_Work required_
Omit the images, then repeat the listing exactly.

_Source data_
════════

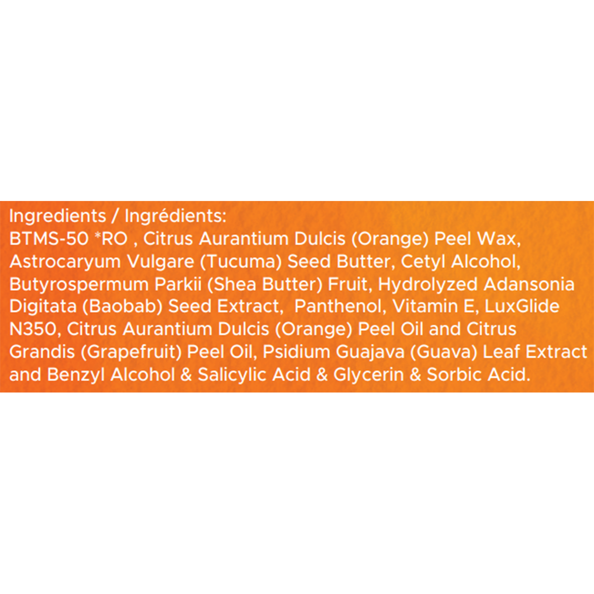 BTMS-50 *RO, Citrus Aurantium Dulcis (Orange) Peel Wax, Astrocaryum Vulgare (Tucuma) Seed Butter, Cetyl Alcohol, Butyrospermum Parkii (Shea Butter) Fruit, Hydrolyzed Adansonia Digitata (Baobab) Seed Extract, Panthenol, Vitamin E, LuxGlide N350, Citrus Aurantium Dulcis (Orange) Peel Oil and Citrus Grandis (Grapefruit) Peel Oil, Psidium Guajava (Guava) Leaf Extract and Benzyl Alcohol & Salicylic Acid & Glycerin & Sorbic Acid.
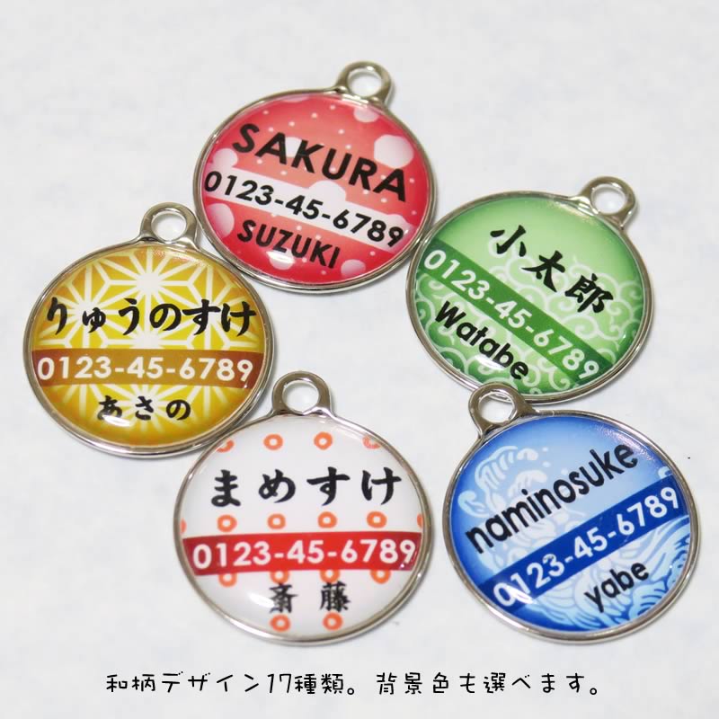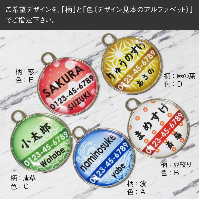 迷子札(和柄) 犬 猫 グッズ 雑貨 名札 ペット おしゃれ ネームプレート 和風 唐草 波 肉球 雲 桜 麻の葉 霞 市松 籠目 七宝 青海波 花菱 豆絞り 立涌 三崩し 鋸歯 雪輪 オーダーメイド プレゼント
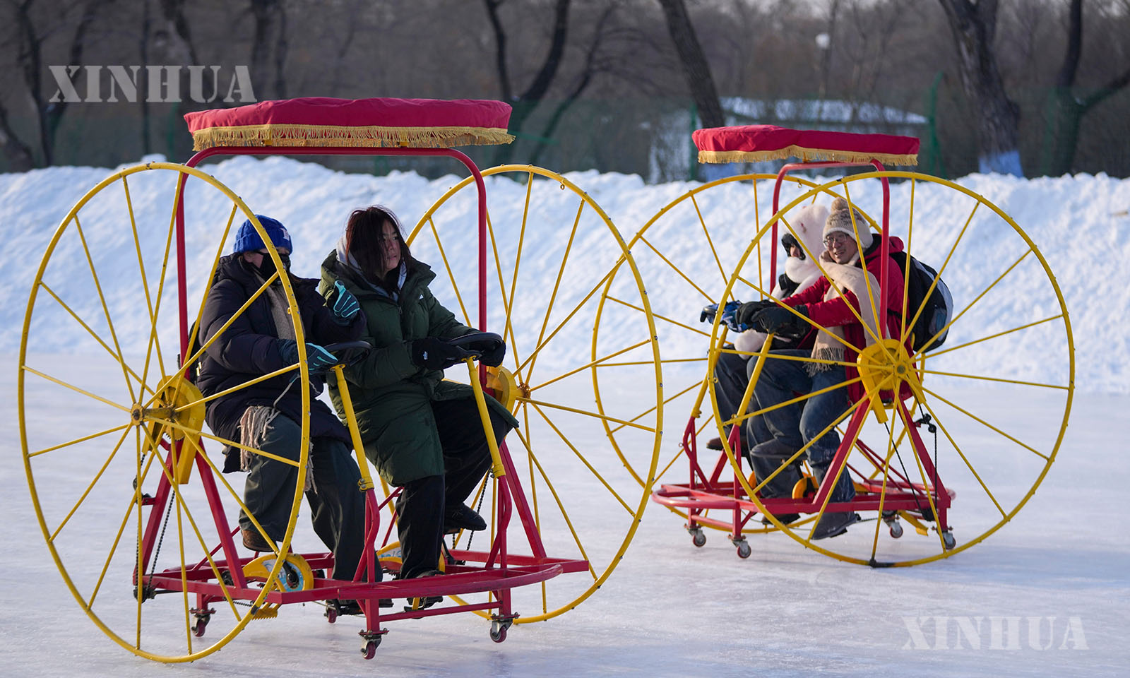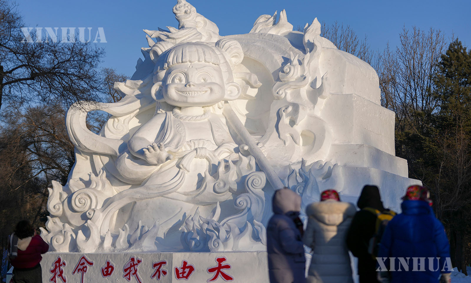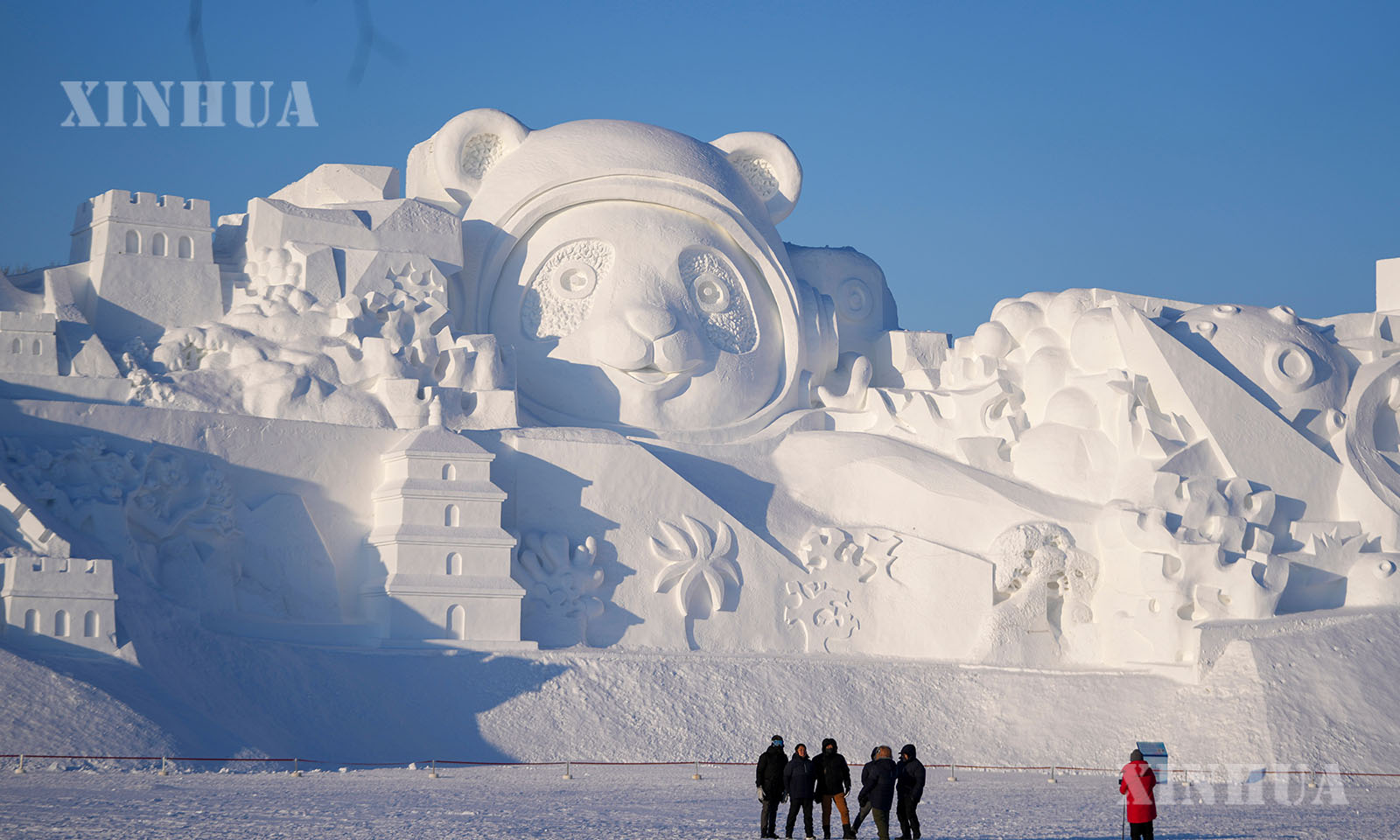 ယခုအချိန်သည် ရေခဲဆီးနှင်း ခရီးသွားလာမှုရာသီချိန်ဖြစ်သည်။ တရုတ်နိုင်ငံ ဟေးလုံကျန်းပြည်နယ် ဟားအယ်ပင်းမြို့တွင် ကျင်းပသော ၃၈ ကြိမ်မြောက် ထိုက်ယန်ကျွန်း နှင်းပန်းပုအနုပညာပြပွဲတွင် ဒဏ္ဍာရီကမ္ဘာလေးအလား လှပသောနေရာကို ရေခဲဆီးနှင်းတို့ဖြင့် တည်ဆောက်ထားရာ “ရေခဲမြို့တော်” ၏ ဆောင်းရာသီပျော်ရွှင်မှုကို ကိုယ်တိုင်ခံစားနိုင်ရန်အတွက် ကမ္ဘာ့ဒေသအသီးသီးမှ ခရီးသွားဧည့်သည်များကို နှင်းပန်းပုရုပ်တုအား ရှုစားရန်၊ ဆီးနှင်းများဖြင့် ဆော့ကစားရန် ဆွဲဆောင်လျက်ရှိသည်။ (Xinhua)

════════

_Exercise result_
 BTMS-50 *RO, Citrus Aurantium Dulcis (Orange) Peel Wax, Astrocaryum Vulgare (Tucuma) Seed Butter, Cetyl Alcohol, Butyrospermum Parkii (Shea Butter) Fruit, Hydrolyzed Adansonia Digitata (Baobab) Seed Extract, Panthenol, Vitamin E, LuxGlide N350, Citrus Aurantium Dulcis (Orange) Peel Oil and Citrus Grandis (Grapefruit) Peel Oil, Psidium Guajava (Guava) Leaf Extract and Benzyl Alcohol & Salicylic Acid & Glycerin & Sorbic Acid.
 迷子札(和柄) 犬 猫 グッズ 雑貨 名札 ペット おしゃれ ネームプレート 和風 唐草 波 肉球 雲 桜 麻の葉 霞 市松 籠目 七宝 青海波 花菱 豆絞り 立涌 三崩し 鋸歯 雪輪 オーダーメイド プレゼント
 ယခုအချိန်သည် ရေခဲဆီးနှင်း ခရီးသွားလာမှုရာသီချိန်ဖြစ်သည်။ တရုတ်နိုင်ငံ ဟေးလုံကျန်းပြည်နယ် ဟားအယ်ပင်းမြို့တွင် ကျင်းပသော ၃၈ ကြိမ်မြောက် ထိုက်ယန်ကျွန်း နှင်းပန်းပုအနုပညာပြပွဲတွင် ဒဏ္ဍာရီကမ္ဘာလေးအလား လှပသောနေရာကို ရေခဲဆီးနှင်းတို့ဖြင့် တည်ဆောက်ထားရာ “ရေခဲမြို့တော်” ၏ ဆောင်းရာသီပျော်ရွှင်မှုကို ကိုယ်တိုင်ခံစားနိုင်ရန်အတွက် ကမ္ဘာ့ဒေသအသီးသီးမှ ခရီးသွားဧည့်သည်များကို နှင်းပန်းပုရုပ်တုအား ရှုစားရန်၊ ဆီးနှင်းများဖြင့် ဆော့ကစားရန် ဆွဲဆောင်လျက်ရှိသည်။ (Xinhua)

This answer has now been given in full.